◆ Problem requirements: Reproduce the listing word for word. Skip any image.

☆ ☆ ☆ ☆ ☆ ☆ ☆

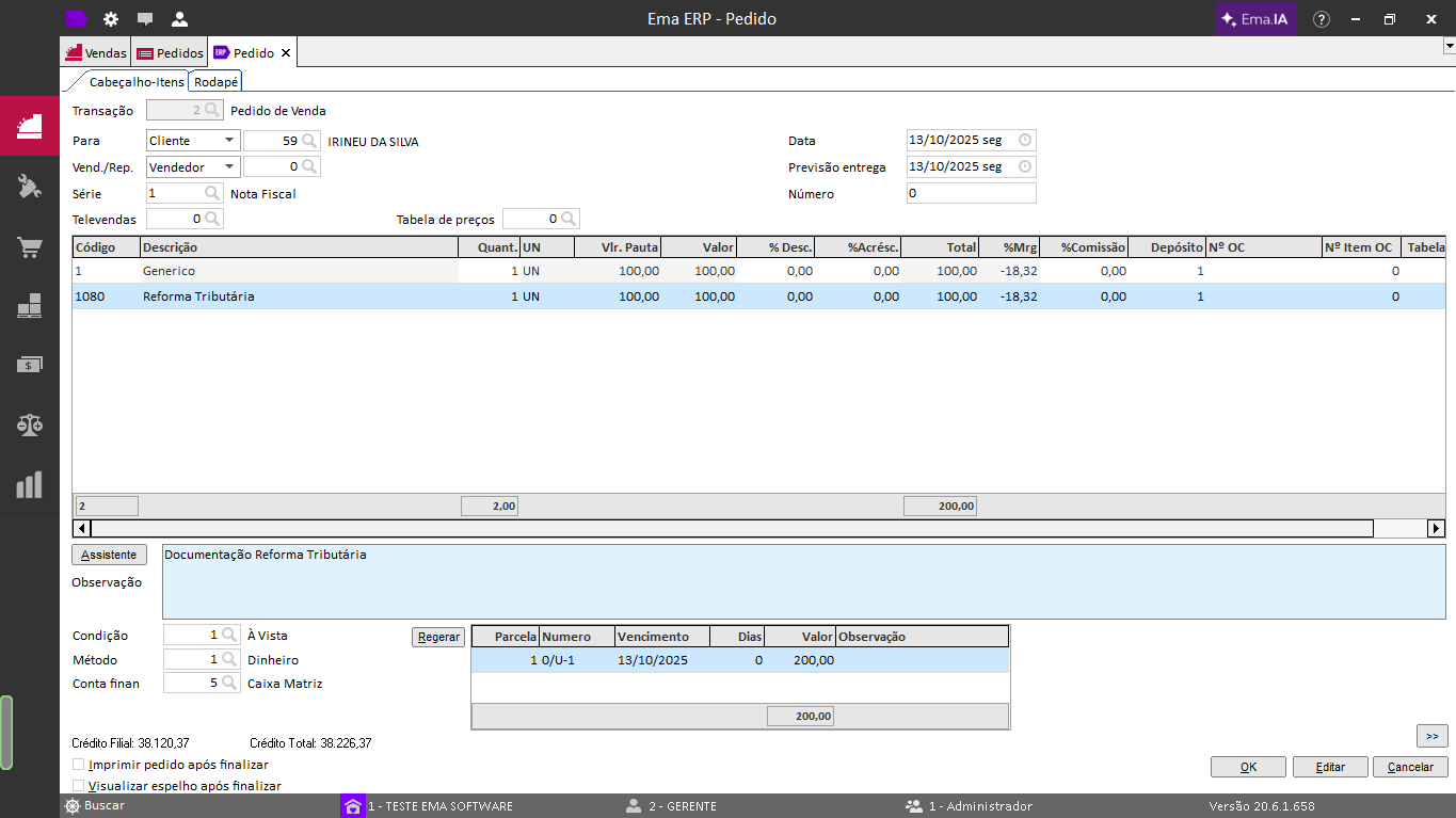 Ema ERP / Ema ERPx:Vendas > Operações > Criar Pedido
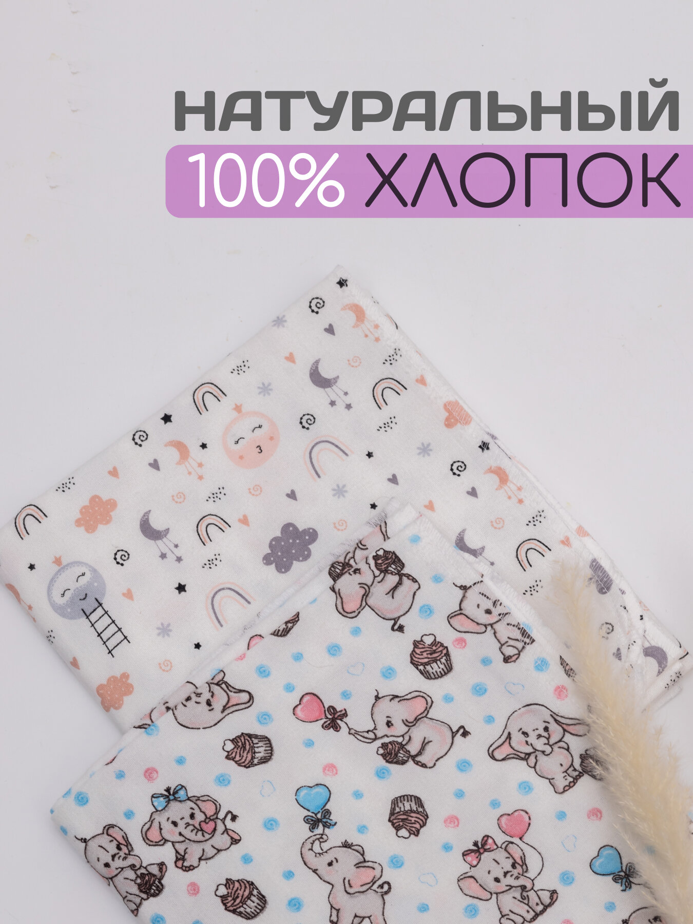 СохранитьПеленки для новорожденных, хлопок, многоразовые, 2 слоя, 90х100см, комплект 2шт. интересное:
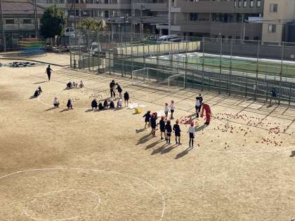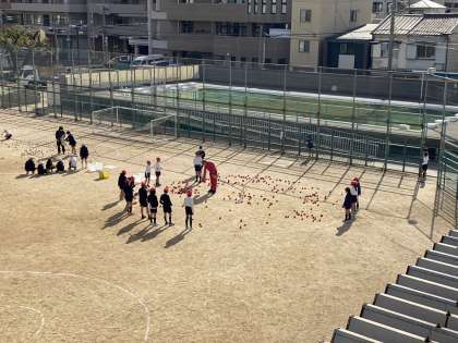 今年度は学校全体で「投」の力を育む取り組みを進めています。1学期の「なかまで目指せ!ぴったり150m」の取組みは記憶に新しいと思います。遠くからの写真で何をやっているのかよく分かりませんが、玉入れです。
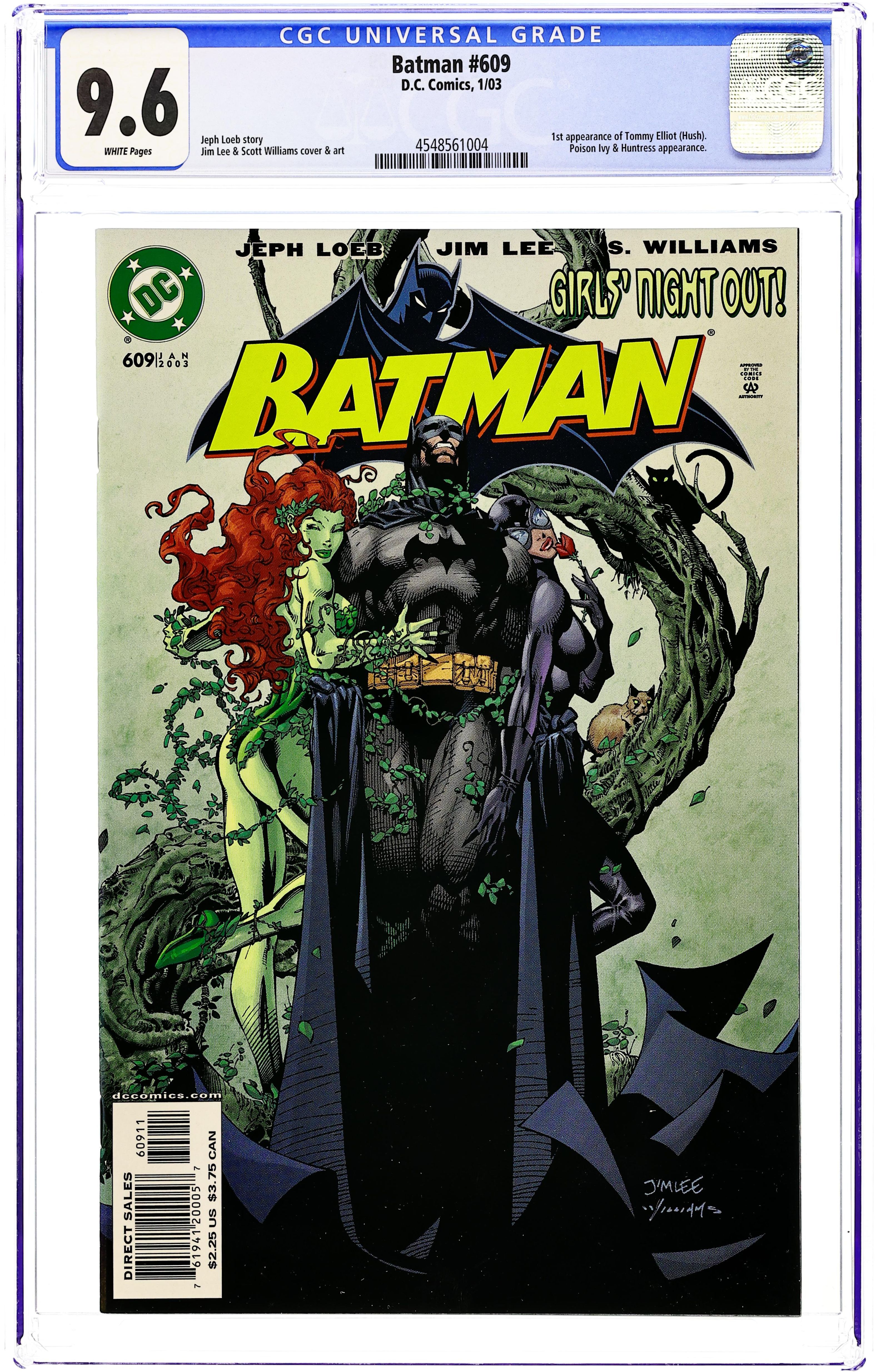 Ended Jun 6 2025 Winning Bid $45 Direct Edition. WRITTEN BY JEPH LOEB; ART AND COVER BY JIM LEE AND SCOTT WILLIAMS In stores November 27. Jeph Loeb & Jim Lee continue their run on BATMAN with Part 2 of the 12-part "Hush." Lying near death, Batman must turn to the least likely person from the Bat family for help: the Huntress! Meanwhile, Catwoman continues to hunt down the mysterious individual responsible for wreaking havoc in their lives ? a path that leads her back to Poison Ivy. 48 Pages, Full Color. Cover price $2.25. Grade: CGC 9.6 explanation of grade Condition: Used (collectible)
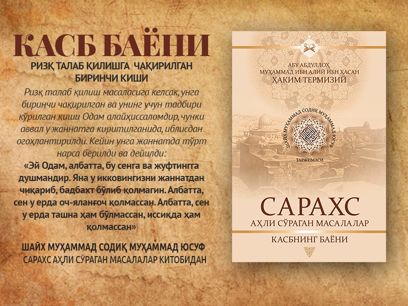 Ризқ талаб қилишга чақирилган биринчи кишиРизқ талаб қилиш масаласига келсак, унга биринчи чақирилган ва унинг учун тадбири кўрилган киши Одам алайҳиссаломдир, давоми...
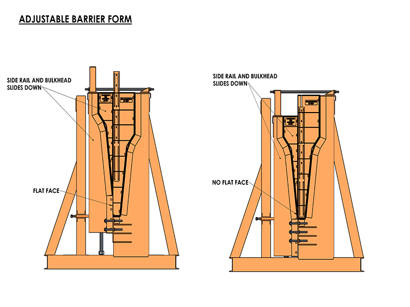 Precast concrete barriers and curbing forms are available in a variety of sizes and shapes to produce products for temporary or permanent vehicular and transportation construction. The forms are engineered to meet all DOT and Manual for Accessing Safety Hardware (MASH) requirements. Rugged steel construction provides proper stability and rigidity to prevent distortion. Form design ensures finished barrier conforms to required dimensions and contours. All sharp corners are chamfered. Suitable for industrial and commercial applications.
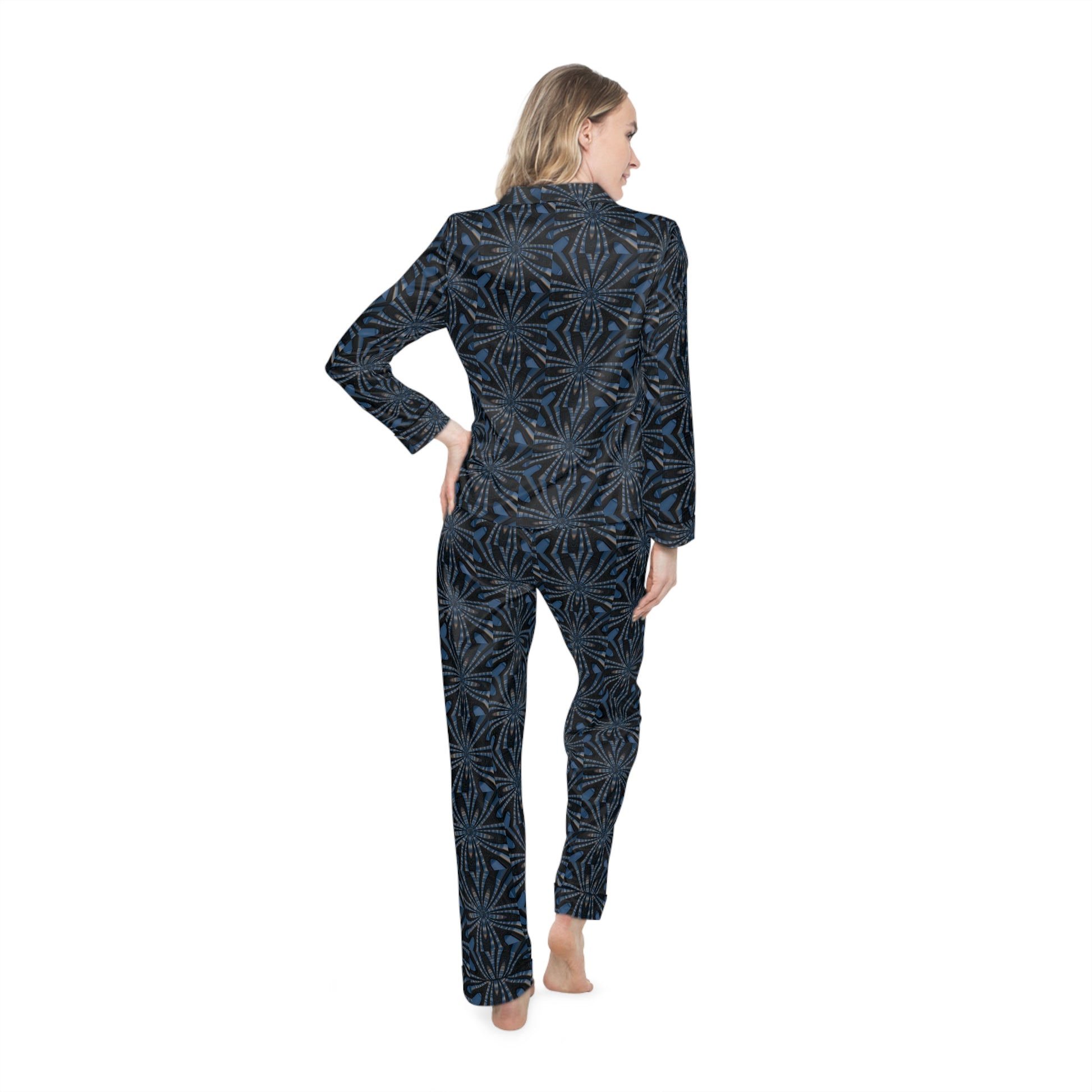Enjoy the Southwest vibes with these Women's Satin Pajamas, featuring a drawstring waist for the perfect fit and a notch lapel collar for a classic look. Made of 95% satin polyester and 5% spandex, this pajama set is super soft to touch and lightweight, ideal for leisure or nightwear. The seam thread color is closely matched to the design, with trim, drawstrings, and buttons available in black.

☆ ☆ ☆ ☆ ☆ ☆ ☆

◆ Exercise answer:
 Ema ERP / Ema ERPx:Vendas > Operações > Criar Pedido
 СохранитьПеленки для новорожденных, хлопок, многоразовые, 2 слоя, 90х100см, комплект 2шт. интересное:
 今年度は学校全体で「投」の力を育む取り組みを進めています。1学期の「なかまで目指せ!ぴったり150m」の取組みは記憶に新しいと思います。遠くからの写真で何をやっているのかよく分かりませんが、玉入れです。
 Ended Jun 6 2025 Winning Bid $45 Direct Edition. WRITTEN BY JEPH LOEB; ART AND COVER BY JIM LEE AND SCOTT WILLIAMS In stores November 27. Jeph Loeb & Jim Lee continue their run on BATMAN with Part 2 of the 12-part "Hush." Lying near death, Batman must turn to the least likely person from the Bat family for help: the Huntress! Meanwhile, Catwoman continues to hunt down the mysterious individual responsible for wreaking havoc in their lives ? a path that leads her back to Poison Ivy. 48 Pages, Full Color. Cover price $2.25. Grade: CGC 9.6 explanation of grade Condition: Used (collectible)
 Ризқ талаб қилишга чақирилган биринчи кишиРизқ талаб қилиш масаласига келсак, унга биринчи чақирилган ва унинг учун тадбири кўрилган киши Одам алайҳиссаломдир, давоми...
 Precast concrete barriers and curbing forms are available in a variety of sizes and shapes to produce products for temporary or permanent vehicular and transportation construction. The forms are engineered to meet all DOT and Manual for Accessing Safety Hardware (MASH) requirements. Rugged steel construction provides proper stability and rigidity to prevent distortion. Form design ensures finished barrier conforms to required dimensions and contours. All sharp corners are chamfered. Suitable for industrial and commercial applications.
Enjoy the Southwest vibes with these Women's Satin Pajamas, featuring a drawstring waist for the perfect fit and a notch lapel collar for a classic look. Made of 95% satin polyester and 5% spandex, this pajama set is super soft to touch and lightweight, ideal for leisure or nightwear. The seam thread color is closely matched to the design, with trim, drawstrings, and buttons available in black.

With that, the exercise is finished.